The turbidity of SDCH-NF/HA suspensions was measured by monitoring the transmittance at a wavelength of 600 nm (Shimdazu UV-1601 spectrophotometer, Kyoto, Japan). Aqueous HA solutions and SDCH-NF in acetic acid (1%) solutions were mixed at different weight ratios, the mixtures were allowed to stand for 10 min, and the transmittance was then measured.

3.6. X-ray Diffraction (XRD)

The X-ray diffractrograms of the samples were recorded on an X-ray diffractometer (Rigaku-RINT Ultima+, Tokyo, Japan) under the following conditions: Ni-filtered Cu-Kα radiation (1.542 Å), 40 kV, 40 mA, divergent slit of 1.74 mm (1°), scanning slit of 0.94 mm (1°), receiving slit of 0.15 mm, and goniometer angular increment of 5°/min to determine the physical form of the individual components within the tablet.

3.7. Dissolution of Famotidine from Tablets

The rate of dissolution of FMT from tablets was measured using the USP paddle method at 50 rpm using 450 mL of medium at distillated water at 37 °C. An aliquot (1.0 mL) was withdrawn, diluted appropriately with water and analyzed for FMT at a wavelength of 265 nm by means of a UV spectrometer (Shimadzu Scientific Instrument, Kyoto, Japan).
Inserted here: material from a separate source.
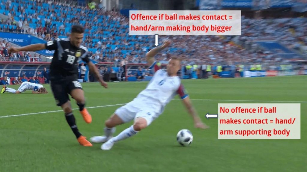 Џонсон објави фотографија од објаснувањето на ИФАБ, кога се смета играта со рака за пенал (неприродна положба), а кога не се смета за пенал (природна положба) при лизгачки старт.

3.8. Scanning Electron Microscopy (SEM)

The UCH, SDCH-NF, SDCH-NF/HA suspension was placed in a Teflon petri dish, and ethanol was added. The diluted suspension was dried at 105 °C in the oven, and the obtained sheets were coated with an approximately 2-nm layer of platinum by an ion-sputter coater and observed with a field emission scanning electron microscope (JSM-6700F; JEOL, Ltd., Tokyo, Japan).

3.9. Statistics

Statistical significance was evaluated by the 2-tailed paired Student’s t-test for comparison between 2 mean values and by ANOVA followed by Newman-Keuls test for comparison among >2 mean values. For all analyses, values of p < 0.05 were regarded as being statistically significant. Results are reported as the mean ± SEM.

4. Conclusions

Based on the findings presented herein, it can be concluded that SDCH-NF and HA are good scavengers of molecules associated with oxidative stress. The method used to prepare the SDCH-NM/HA/drug composites reported here is simple and convenient, i.e., dissolving three components and freeze drying. Therefore, the findings suggest that the SDCH-NF/HA system could be useful, not only as an extended release IPC tablet with antioxidant activity but also as a safe, non-toxic tablet in general.